The reason for the confusion just mentioned (of the Arch of Hadrian in front of the later Hadrianeum discussed here with the Arco di Portogallo) is the fact that two other Hadrianic reliefs, the so-called adlocutio relief of Hadrian (here Fig. 91) 439, and the representation of the apotheosis of Hadrian's wife Sabina (here Fig. 92) 440, had both been reused in late antiquity as decorations of the Arco di Portogallo. Following Ferdinando Castagnoli and Michaela Fuchs 441, I have in my earlier Study (2017) suggested that all three Hadrianic reliefs mentioned here at the Palazzo dei Conservatori: Hadrian's adventus, here Fig. 91 (and the two reliefs that, in late antiquity, had been reused at the Arco di Portogallo, here Figs. 92; 93), plus a fourth Hadrianic relief at the Palazzo Torlonia (here Fig. 94), had originally belonged to this Arch of Hadrian that stood right in front of the (later) Hadrianeum .

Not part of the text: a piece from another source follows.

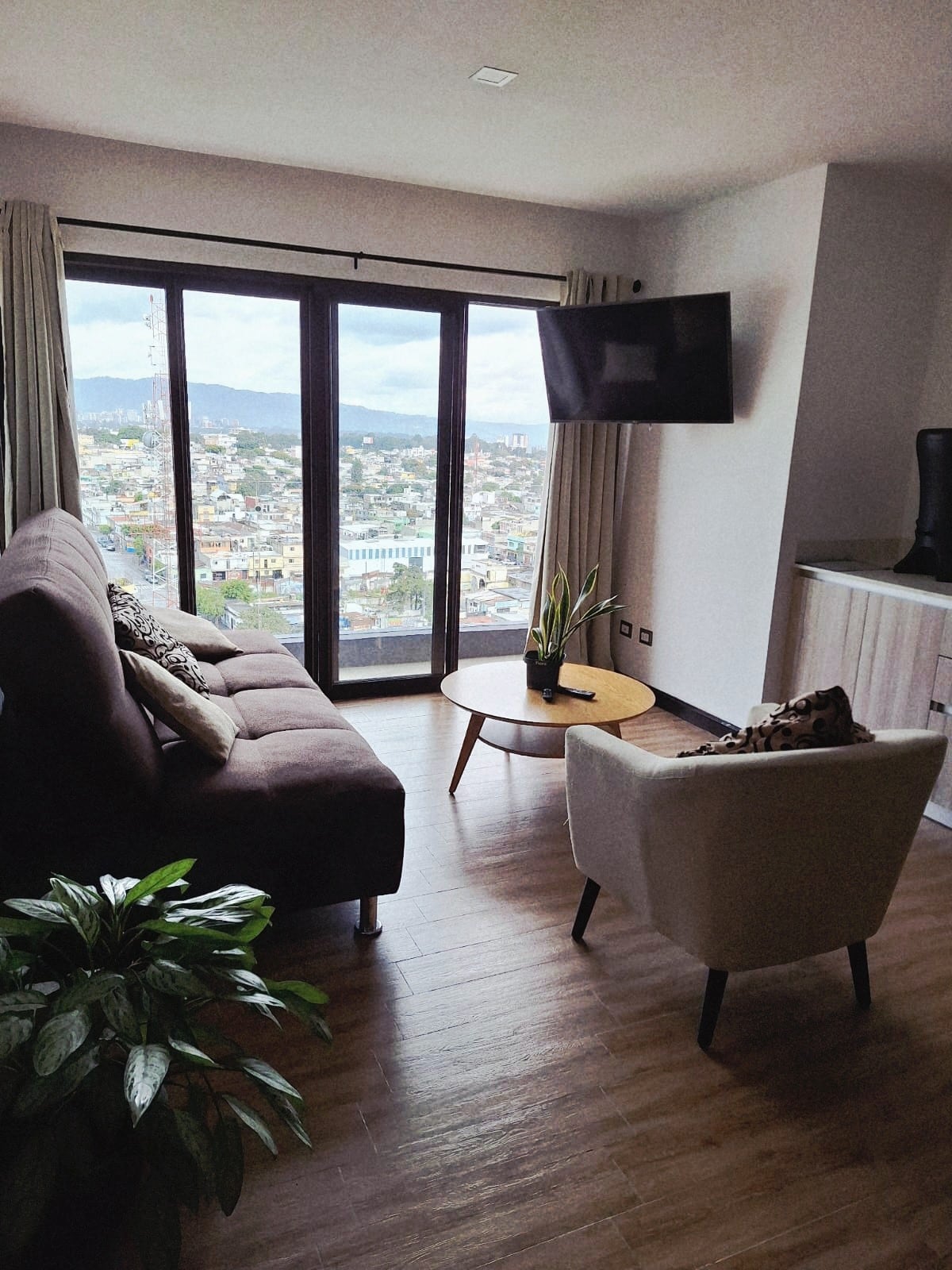 Feel the experience of staying in a brand new loft apartment in the beautiful country of Guatemala. Our apartment with modern, elegant touches that accompany an unparalleled view, provide calm and tranquility in one of the most exclusive areas of our country. You will have the opportunity to stay near shopping centers, restaurants, the hotel zone and a few minutes from the international airport.

--------------434 for this Arch of Hadrian, cf. M. FUCHS 2014..
435 measured on my map Fig. 3.7 of the Campus Martius; cf. C. HÄUBER 2017, 63, Fig. 3.5 [= here Fig. 58], p. 69, Fig. 3.7 [= here Fig. 59]. For that, cf. supra, n. 66, in Chapter I.1.
436 for a photograph of this inscription, cf. C. HÄUBER 2017, Fig. 3.5.1 on p. 65. The Palazzo, into which it is inserted, stands on the east side of the Via del Corso, between the junctions of Via del Corso and Via della Vite and Via del Corso and Via in Lucina.
437 for the former Arco di Portogallo, cf. C. HÄUBER 2017, 111-112, n. 56; map Fig. 3.5, cf. pp. 62-63; map Fig. 3.6, cf. pp. 66-67; map Fig. 3.7 [= here Fig. 59], cf. pp. 68-69; map Fig. 3.8, cf. pp. 104-106; map Fig. 3.9, cf. pp. 108-110; map Fig. 3.10. Some scholars regard the former Arco di Portogallo as a gate in the sacred boundary of Rome, the pomerium; cf. Häuber (2017, 111, n. 56, pp. 351-352 with n. 136, pp. 583-584, n. 306).
438 the former locations of the Arch of Hadrian and of the Arco di Portogallo are both visible on my maps Fig. 3.5 [= here Fig. 58] and Fig. 3.7 [= here Fig. 59], labels: VIA FLAMINIA/ VIA LATA; Via del Corso; Via della Vite; Approximate location of the Arco di Portogallo; Via di Pietra; Arch of Hadrian. For those maps, cf. supra, n. 66, in Chapter I.1.
439 for the so-called adlocutio relief of Hadrian, cf. C. HÄUBER 2017, 20-21, 23, 111-112, n. 56; p. 250, Fig. 5.9 [= here Fig. 91]; cf. pp. 520-521.
440 cf. C. HÄUBER 2017, 20-21, 23, 111-112, n. 56, pp. 242, 246; p. 249, Fig. 5.8 [= here Fig. 92], the relief showing the apotheosis of Sabina, p. 521.
441 CASTAGNOLI 1942, 76-77, 82, Fig. 1; M. FUCHS, 2014, 131-144, Figs. 12-23; cf. C. HÄUBER 2017, 20-21, 242, 245-246."